Frank learnt to ring in October 1962 at St Mary’s Merton, a sloping ground floor anticlockwise 7 cwt peal of 5 with a long draft, it taught him to pull straight! He was involved with both ringing into Surrey and up into London.

He moved to Ledbury in Herefordshire in 1977, ringing initially with the Ledbury band but moved towers to Bosbury when he moved house in 1980. He has been working throughout his time here with the Hereford Guild both at District and Guild level

He worked with Pip Penny prior to the formation of ART and has been a Tutor from the start and involved in a number of ways. He has made the annual pilgrimage to Hereford Blind College around Easter from his arrival in the Shire and has helped as Tutor and a number of other ways over the years.

Sue Sheridan

As a Lancastrian, who has lived in Cumbria and Yorkshire for the last 35 years, you might not expect to hear that Sue learnt to ring whilst living in North Cornwall nearly 40 years ago. But learning to ring in Cornwall all those years ago has completely shaped her beliefs about ringing. She started with Cornish call changes, and then, because she lived in a change ringing area of Stratton, Poughill, Bridgerule and Launcells, she learnt Grandsire, Stedman and Oxford Bob Triples - the tenor stayed beautifully behind, rounding off the ringing, and her ear still prefers that to this day.

When she moved to Kirkby Stephen in Cumbria, the bells hadn’t been rung for 20 years, but her husband, Mark, was not daunted and he set about teaching a band. A 40 foot unguided draft of 40 feet didn’t make the task easy, but he succeeded. He reverted to teaching Plain Bob rather than Grandsire but they didn’t have anybody who could call a touch. So two of them came to the Hereford Course, Sue to learn to call a touch, and Jo to learn Bob Doubles. Both of them, joined by Mark the following year, have been students or helpers on the Hereford Course ever since.

Moving back to the Huddersfield area nearly 30 years ago meant she had to learn to ring Treble Bob - with the tenor not remaining in her favourite place!
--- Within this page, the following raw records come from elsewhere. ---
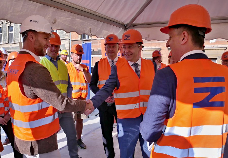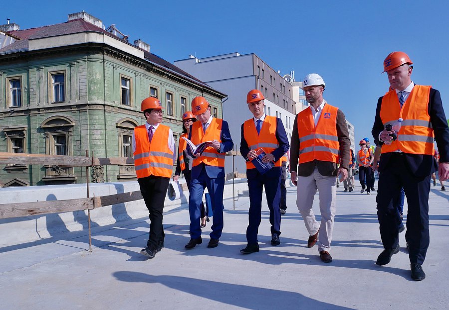 Staveniště v ulici Prvního pluku si 5. června prohlédl ministr dopravy Vladimír Kremlík v doprovodu generálního ředitele SŽDC Jiřího Svobody a našeho předsedy představenstva Tomáše Korandy.
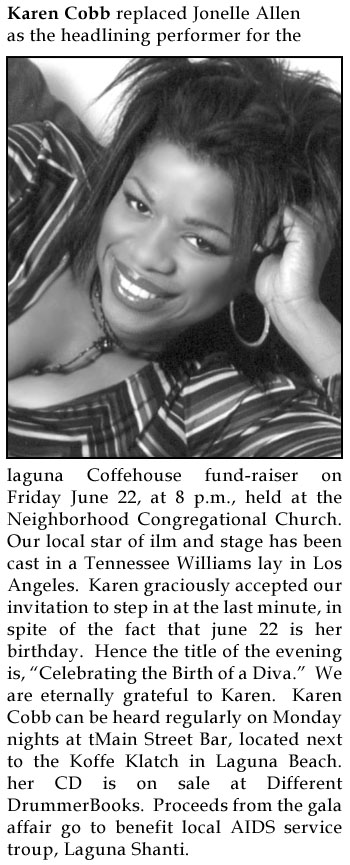 Karen Cobb headlines Laguna Coffeehouse fund-raiser
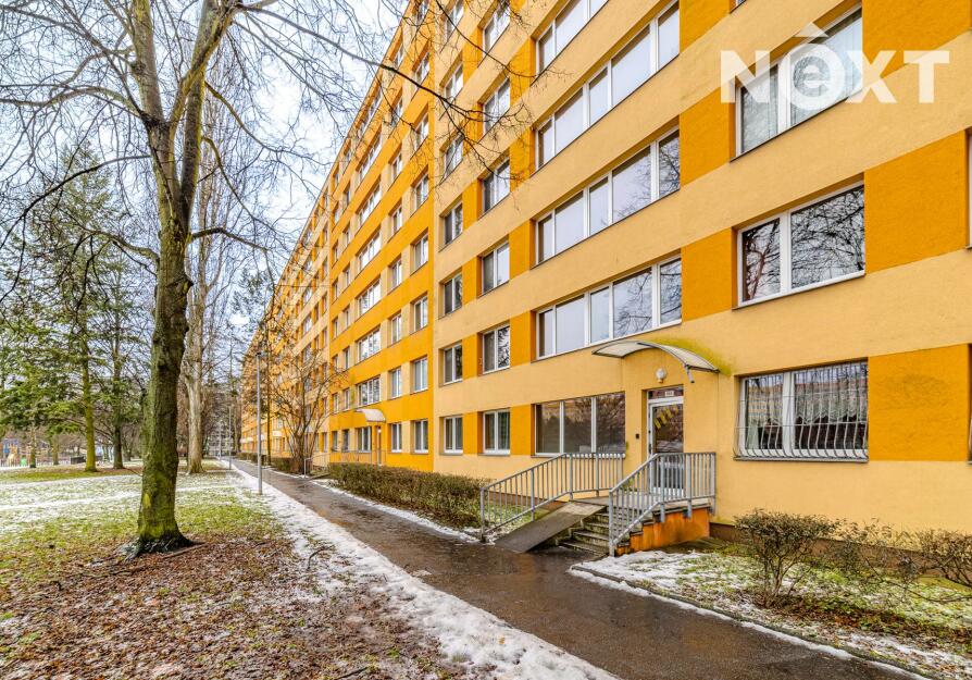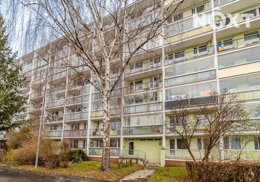 Byt se nachází v šestém patře renovovaného sedmipatrového panelového domu.

For the last 20 years, her home tower has been All Hallows, Kirkburton.

As school teachers, Mark and Sue have always been involved in helping others to learn and that has affected their ringing ‘careers’: they’ve had school bellringing teams in Cornwall and Cumbria, and provided sessions for Duke of Edinburgh skills and Scout badges in Yorkshire. It probably means that their own ringing hasn’t always ‘progressed’ as some people might expect…but Cornish ringing stays with her - it’s not what you ring, but how you ring it…

David Mattingley

David learnt to ring at St Nicholas, Hereford by Roger Tingley shortly before moving to Truro where his ringing continued at Kenwyn. Whilst at university in Bath, David was a regular member of the Bathwick quarter peal band. His ringing progressed further on his return to Truro with the help of regularly attending practices and quarter peals in the far west, namely St Buryan and Penzance. He would also often travel out of the county to ring on quarter peal days, and was starting to be invited into peals, in particular by John Pladdys who gave David his first peal on twelve and first long length.

David moved to Portsmouth in October 2012 and became Ringing Master of the Portsmouth District in February 2013. He is also Vice Captain at Portsmouth Cathedral from 2013 to present. David has also served on the Winchester & Portsmouth D.G. Education Committee, running education courses across the W&P guild.

Some of David's achievements include once ringing for over 13 hours, being part of the most-liked BellBoard performance on the Remembrance centenary, and losing peals at the heaviest six, eight, ten and twelve.

He first attended the Hereford Ringing Course as a student to learn to ring Grandsire Doubles, returning in subsequent years as student and helper, until becoming a tutor in 2012. David most enjoys earning a beer by ringing spliced at any stage. He is supported by his sympathetic wife, Jenny, and two young children.